I was picking the Czar plums to make more jam when a wasp was disturbed from eating it’s lunch. Wasps go for my plums just as they are at their sweetest best. My problem was I couldn’t see which plums had a wasp in the fruit if they were above head height or facing away from my hand. The resulting sting set me on the trail of other stingers in the garden.

Plants Stingers

  •  Who has not been stung by a common nettle or the stinging nettle  a herbaceous perennial aka Urtica dioica. More likely to be stung walking on country paths or unkempt areas not in your garden I am sure!
  • The nettle family are stinging plants with  hairs on  leaves or stems that are capable of injecting formic acid that cause pain or irritation. Brushing bare skin against the leaves causes initial pain with the potential for more effects caused by histamine, acetylcholine and other chemicals that are also present.

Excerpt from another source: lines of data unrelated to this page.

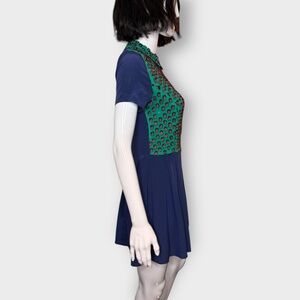 Opening Ceremony Silk Embroidered, Pleated Skater Style, Peter Pan Collar Dress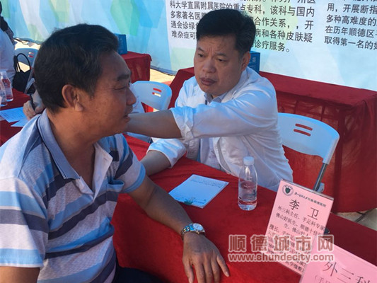 “健康顺德·全民共享--2017顺德区名医名校零距离大型巡回义诊”活动均安站正好撞上“双11”,广州医科大学附属顺德医院手足关节整形科主任李卫、皮肤科副主任余南生幽默地说道,“双11”跟街坊们来场健康“约会”!
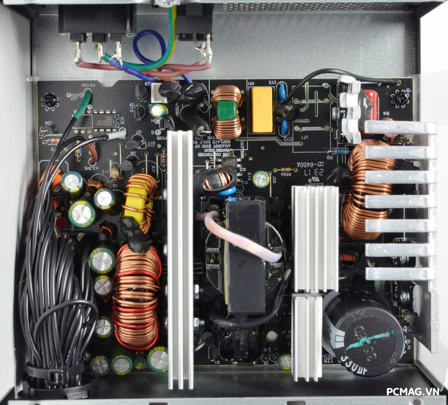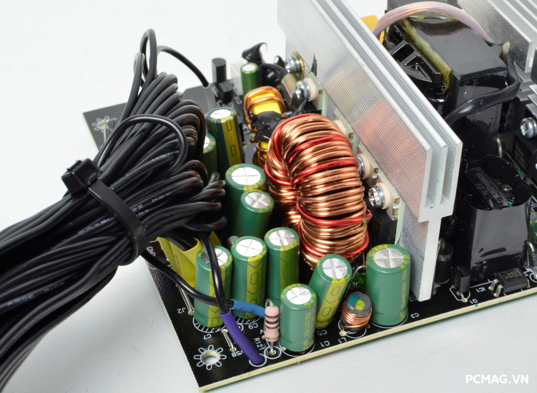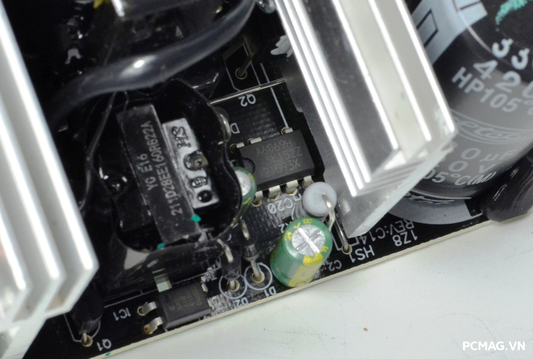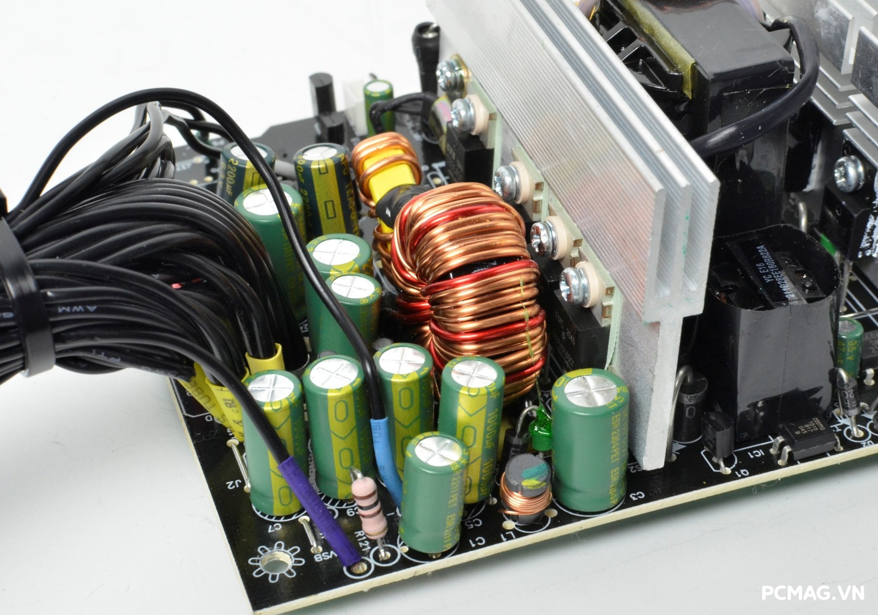 Bên cạnh đó là khu vực mạch lọc LC, sử dụng các tụ lọc đến từ Teapo và Hangcon, đảm nhiệm vai trò làm sạch điện áp đầu ra trước khi cấp tới các linh kiện trong hệ thống.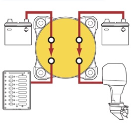 電瓶隔離器也是讓單一充電來源充多組電瓶。想像它就像一個閘閥,讓電流從發電機流向兩組或三組電瓶,每組電瓶看不到對方。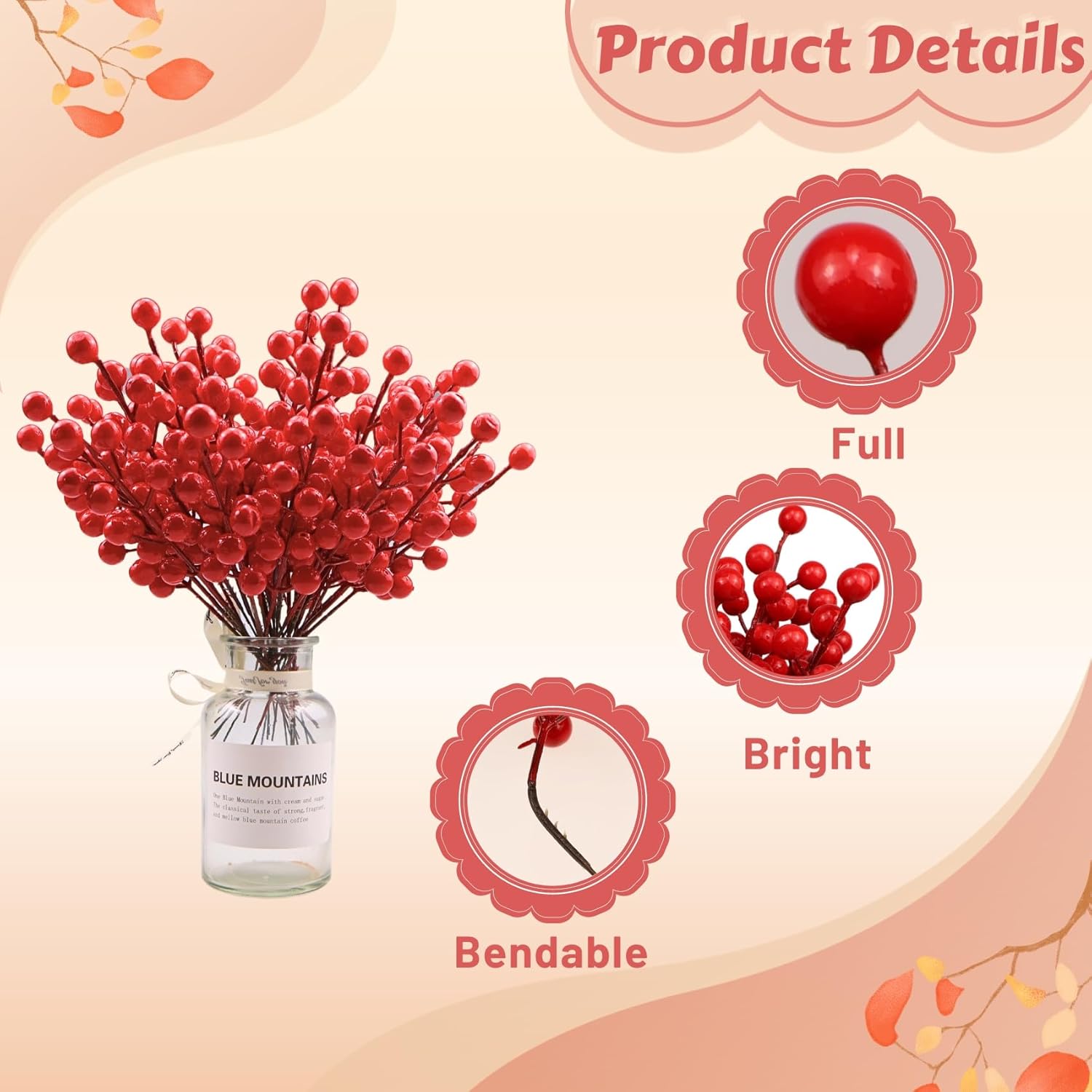 • 🍒DIY Project:You can DIY red berry stems according to your own ideas. It can create a festive atmosphere for your event. Artificial red berries are small parts. Not suitable for children under 3 years old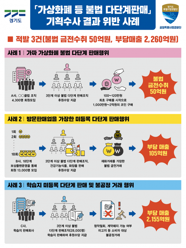 [충청뉴스큐] 미등록 다단계판매조직을 개설해 회비 명목으로 총 50억원 상당을 가로챈 가상화폐 판매업체와 고액의 후원수당을 미끼로 유사 다단계 조직을 운영한 방문판매업체 등이 경기도 수사에 적발됐다.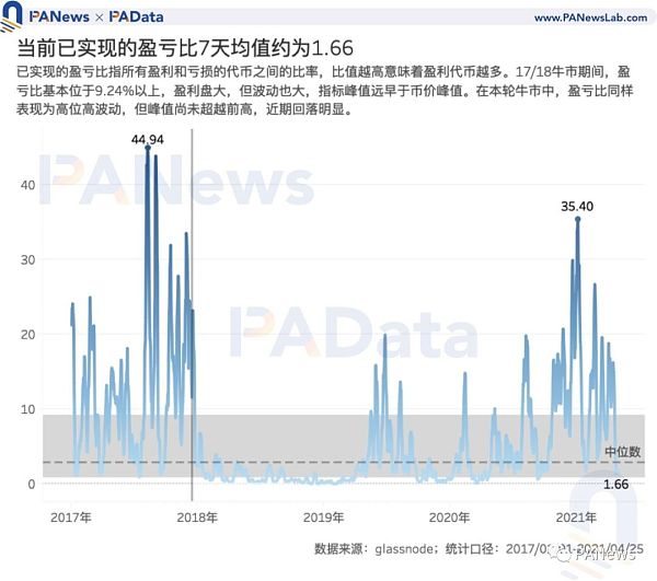 牛市行情的主要表征之一就是大多人籌碼能夠盈利。根據BTC在鏈上移動時的價格與當前價格相比的盈虧狀態,可以得出實現利潤/實現虧損比率,比值大于1,則盈利籌碼多于虧損籌碼,比值越高,盈利籌碼越多;反之則盈利籌碼少于虧損籌碼。盈利籌碼積累到一定的程度會產生獲利需求,進而產生拋壓,影響幣價。?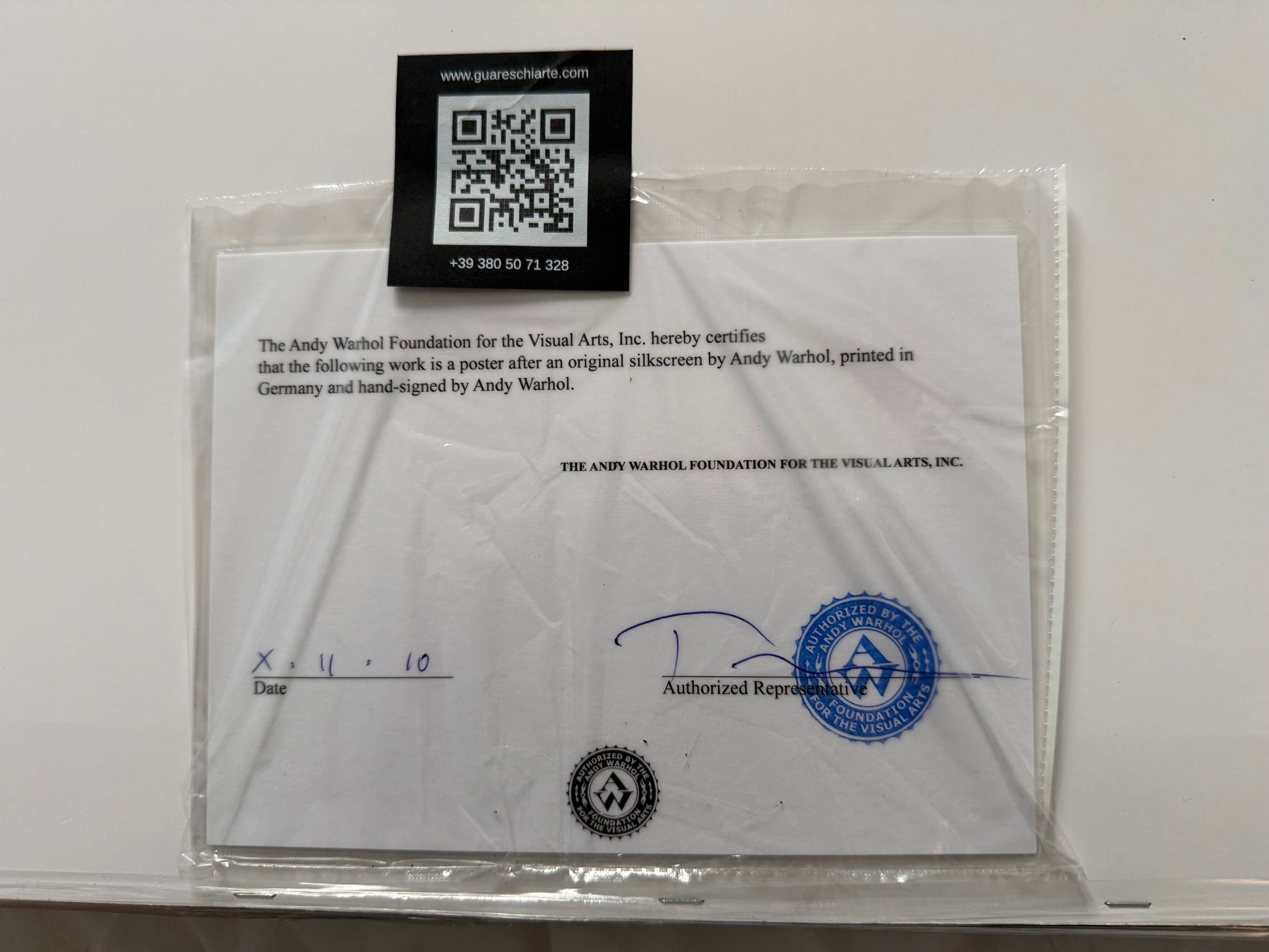 Accompagnata da Certificato di Autenticità ufficiale rilasciato dalla Fondazione Andy Warhol, che ne garantisce l’origine e la piena autenticità.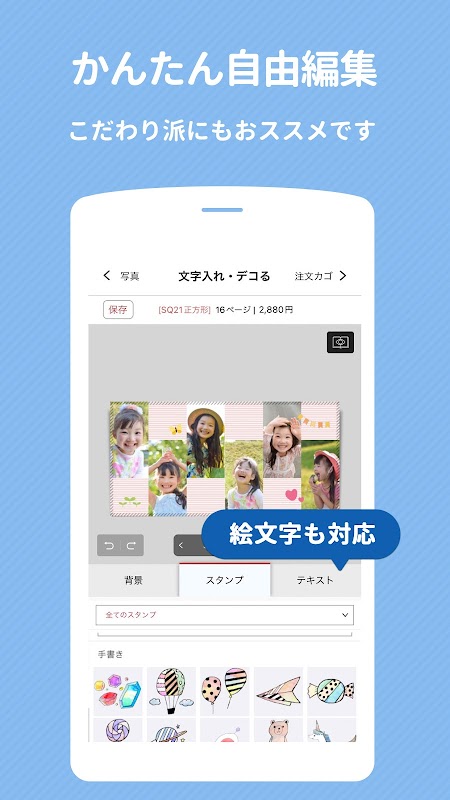 Украсьте свой фотоальбом милыми штампами для особых случаев и стильными фонами. Вы также можете добавить текст для особого сообщения.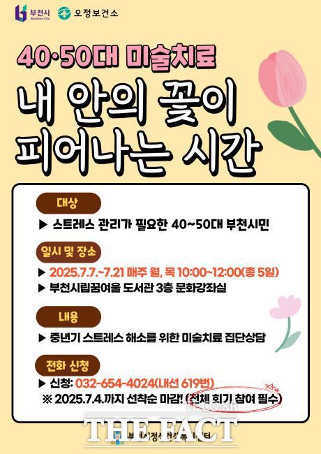 [더팩트|부천=김동선 기자] 경기 부천시는 부천시정신건강복지센터와 함께 오는 7월 7일부터 21일까지 부천시립꿈여울도서관에서 40~50대 중년기 시민을 대상으로 미술치료 집단상담 프로그램 '내 안의 꽃이 피어나는 시간'을 운영한다고 15일 밝혔다.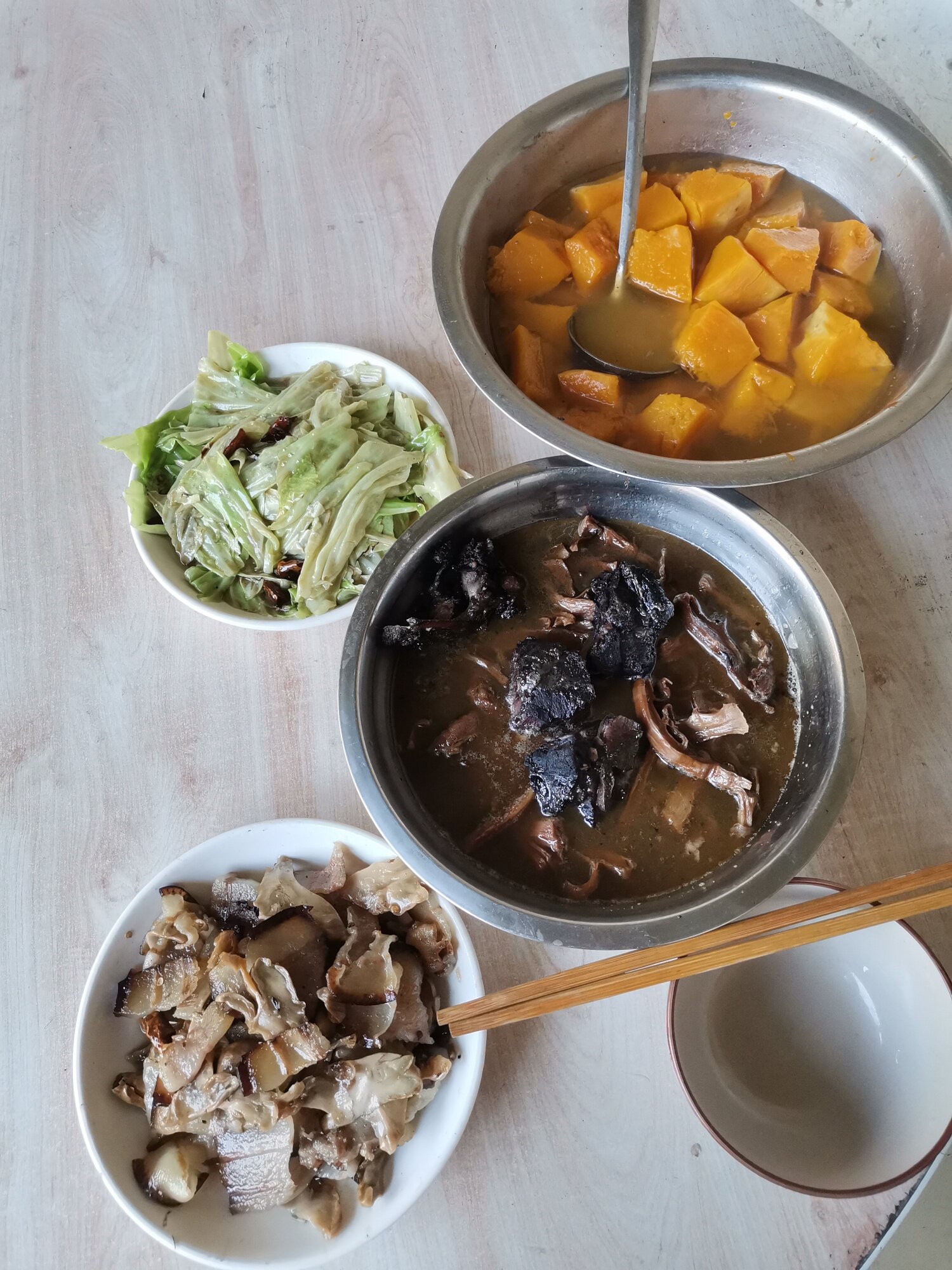 半个月前我一个人逛了一下,水库里面有两家人住,夏天是做农家乐的,到里面十二点,和他们吹牛然后进厨房看他们炖的腊骨头炖干笋子和老南瓜汤,一下子就感觉好饿,我说我没吃饭和你们一起吃多少钱我给钱,说平时都是二十元一个,我说要得,结果又给我炒了白菜,腊肉炒干儿菜片片,二十块钱还单独给我摆了一桌。搞得我很不好意思吃了三碗饭,菜都差点吃光了。说实话,那顿饭吃的非常美味。

  • Giant hogweed  contains a corrosive sap that causes severe rashes,  burns and even serious eye damage if you get the photosensitive chemicals  in your eyes . aka Heracleum mantegazzianum.
  • Poison ivy & its cousin, poison oakone is a noted rash-maker. It’s toxin, urushiol oil, is in the sap of the plant and present in minuscule quantities in some other food stuff.
  • Other plants, often those with hairs or irritating sap, can cause irritation and allergic reactions. I suffer with some verbascum Optunia cacti and euphorbia.